Statistical analyses

Participants’ affective reactions to low- and high-reward cue stimuli were compared by a paired samples t-test, while the effects of binning the experimental runs and the type of reward cues (low and high reward) on WM performance, reaction time and TEPR-like baseline corrected pupil area were tested by two-way repeated measures ANOVA tests. Assumptions of ANOVA tests were evaluated by also considering the Greenhouse-Geisser corrected P values, and multiple comparisons correction was applied to post-hoc test results using the Benjamini and Hochberg approach for controlling the false discovery rate (FDR33). Hypothesis testing was carried out without and with outlier correction. Outlier values were detected using the interquartile rule. Lower threshold was defined as Q1-1.5×IQR while the upper threshold was Q3 + 1.5×IQR, where Q1 and Q3 were the first and third quartiles, respectively, and the interquartile range was IQR = Q3-Q1. Data points below the lower and above the upper limits were considered outliers. Participants were marked for exclusion if outlier value was found in any combination of bins and reward cues. Although the same effects were found for both hypothesis test approaches, here, we provide the results obtained after outlier elimination. Statistical analyses were performed using the pingouin (version 0.5.3) Python package34.
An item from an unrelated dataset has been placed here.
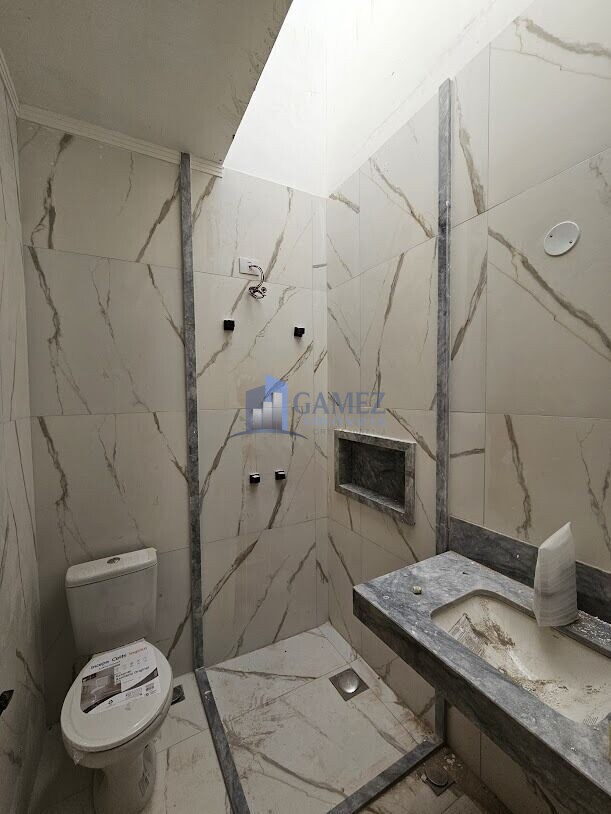 Todos os banheiros tem nicho para shampoo e revestimento de porcelanato marmorizado em todas as paredes. As bancadas também são de mármore, material mais nobre do que os granitos entregues em outras casas da região.
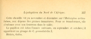 Chrétien (1915: 357) teilt mit: « Cette chenille vit en novembre et décembre sur l'Haloxylon articulatum, aus dépens des graines immatures. Pour se transformer, elle s'enforce avec son fourreau dans le sable. »

We also assessed the relationship between WM performance and pupil size as well as between reaction time and pupil size by correlation analyses. More specifically, we tested the relationship between behavioral measures and pupil area in the last 1.5s of the delay period by using normalized measure differences ((H-L)/(abs(H) + abs(L))), where H and L indicate individual averages across trials with high- and low-reward cue stimuli, respectively. Besides running the analysis for the second half of the experiment when reward was applied (bin REW), for validation purposes, the correlations were tested also for the first half of the experiment when participants were not aware of the meaning of reward cues (bin NREW). Spearman correlations were calculated without and with outlier elimination and correction for multiple correlations (REW and NREW). Skipped Spearman correlations and their 97.5% confidence intervals (CI) were calculated after elimination of bivariate outliers and using 1000 bootstrap iterations as implemented in the Robust Correlation Toolbox35.

Results

Behavior

Testing the effect of reward level on self-reported affective reactions revealed significantly (t(37) = 7.79, P = 2.6 × 10− 9, Cohen’s d’ = 1.57) higher ratings for high-reward (mean AR = 7.78, SD = 1.65) compared to low-reward cue stimuli (mean AR = 5.40, SD = 1.37), suggesting that participants understood the meaning of reward stimuli and exhibited stronger reactions to high- compared to low-reward cues in agreement with previous findings31.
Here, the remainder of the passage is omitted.